Question

Four point charges of charge 1 uc each are placed at four corners of a square of side 2 m. The work done in removing a charge - 2 pc from centre of square to infinity is​

Answer 1

Answer:

36√2 x 10^(-9) J ≈ 5.09 x 10^(-8) J

Explanation:

Workdone in moving a charge(q) from infinity to a certain point(at P.D. V) is qV.

Therefore,

Workdone in moving a charge(q) from a certain point(at P.D. V) to infinity is - qV.

In this condition, r = ½ diagonal = √2 m, and work by each charge is same, so 4 work times of work by any one.

Work = - 4q(k Q/r) = - 4k(qQ/r)

Work = - 4(9 × 10^9) [(-2p)(1u)/√2]

Work = - (36 × 10^9) [- √2 pu]

Work = 36√2 × 10^9 × 10^(-18)

Work = 36√2 × 10^(-9) ≈ 5.09 × 10^(-8) J

*u refers to micro = 10^(-6).

*p refers to pico = 10^(-12), that's how pu = 10^(-18).

*proof for this specific condition:

https://brainly.in/question/17565289

Just substitute your values in

W = 4√2 (kqQ/r)

= 4√2 (9 x 10^9) x (1u)(2p)/2

= 36√2 x 10^9 x 10^(-18)

= 36√2 x 10^(-9) J

Answer 2

Given:

Four point charges of charge 1 uc each are placed at four corners of a square of side 2 m.

To find:

The work done in removing a charge - 2 pc from centre of square to infinity ?

Calculation:

• The work done to move that -2 pC charge to infinity can be found out from the change in potential energy of the system.

At the centre of sphere, net potential energy is:

$\rm \: PE1 =4 \times \dfrac{k(q1)(q2)}{d }$

• Value of d is half of diagonal (i.e. √2 metres).

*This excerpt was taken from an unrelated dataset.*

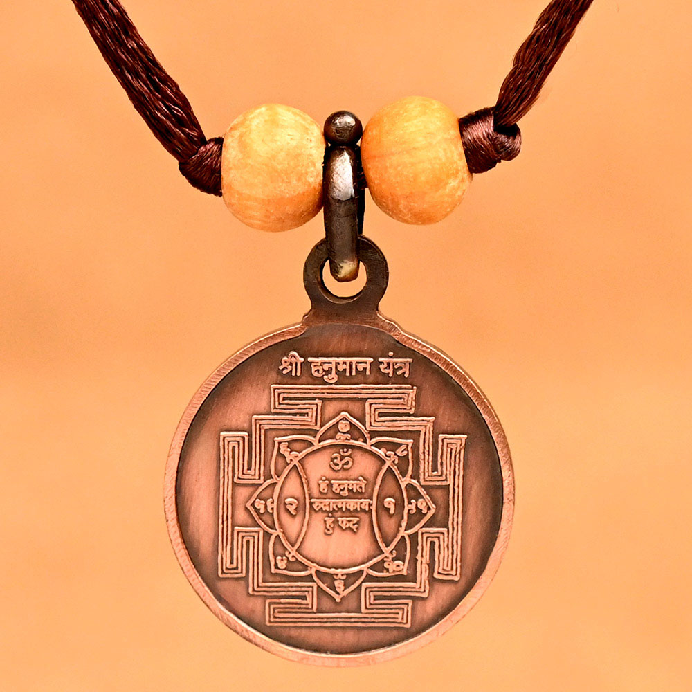 This magnificent locket with Hanuman Yantra on one side and Lord Hanuman image on other side is crafted in copper with long lasting antique finish. Lord Hanuman is worshipped for power and protection, Hanuman Yantra helps one become more confident and attain success in life.
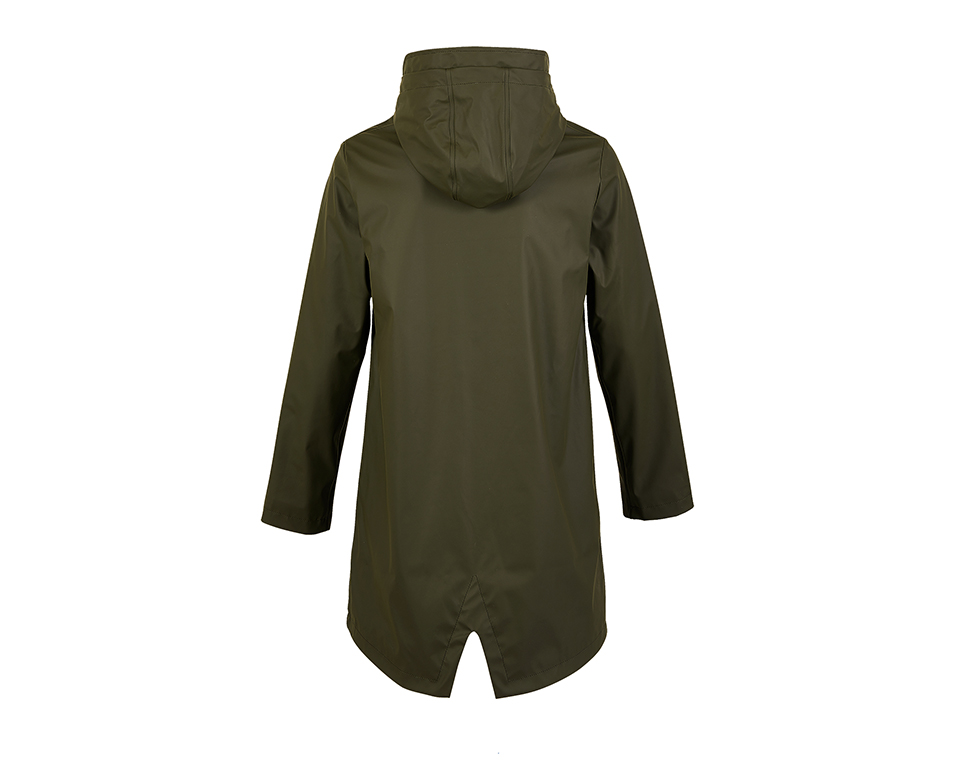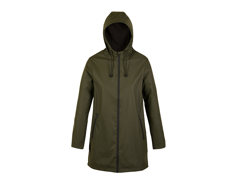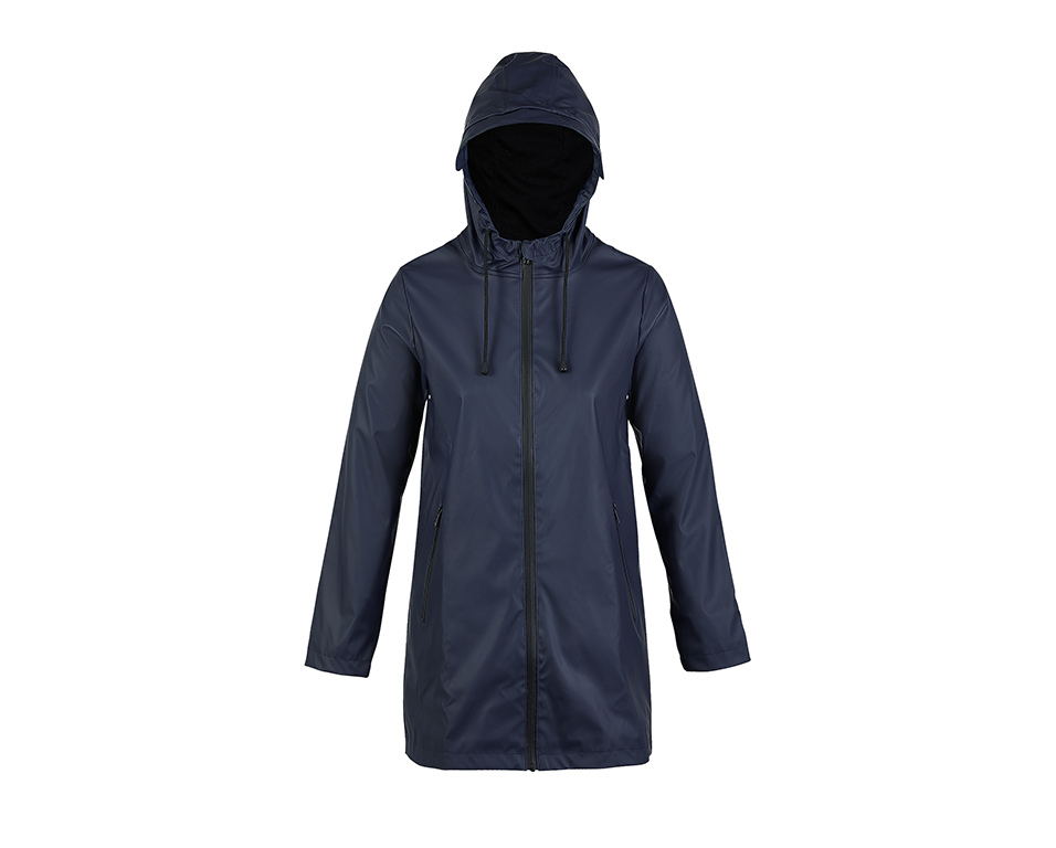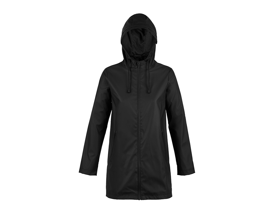 Дамско водоустойчиво яке с качулка. С PU покритие. Водоустойчиво (5000 мм воден стълб). Качулка с корда. Два джоба с водоустойчиви ципове. Шлиц на гърба. Запечатани шевове.

$\rm \implies\: PE1 =4 \times \dfrac{(9 \times {10}^{9} )( - 2 \times {10}^{ - 12} )(1 \times {10}^{ - 6}) }{ \sqrt{2} }$

$\rm \implies\: PE1 =2 \sqrt{2} (9 \times {10}^{9} )( - 2 \times {10}^{ - 12} )(1 \times {10}^{ - 6})$

$\rm \implies\: PE1 = - 50.9 \times {10}^{ - 9} \: joule$

Now, potential energy after the charge reaches infinity:

$\rm \: PE2=4 \times \dfrac{k(q1)(q2)}{d2 }$

$\rm \implies\: PE2=4 \times \dfrac{k(q1)(q2)}{ \infty }$

$\rm \implies\: PE2=0 \: joule$

So , net work done is :

$\rm \: W = PE2 - PE 1$

$\rm \implies \: W = 0-( - 50.9 \times {10}^{ - 9})$

$\rm \implies \: W = 50.9 \times {10}^{ - 9} \: joule$

So, work done is 50.9 × 10^(-9) Joules.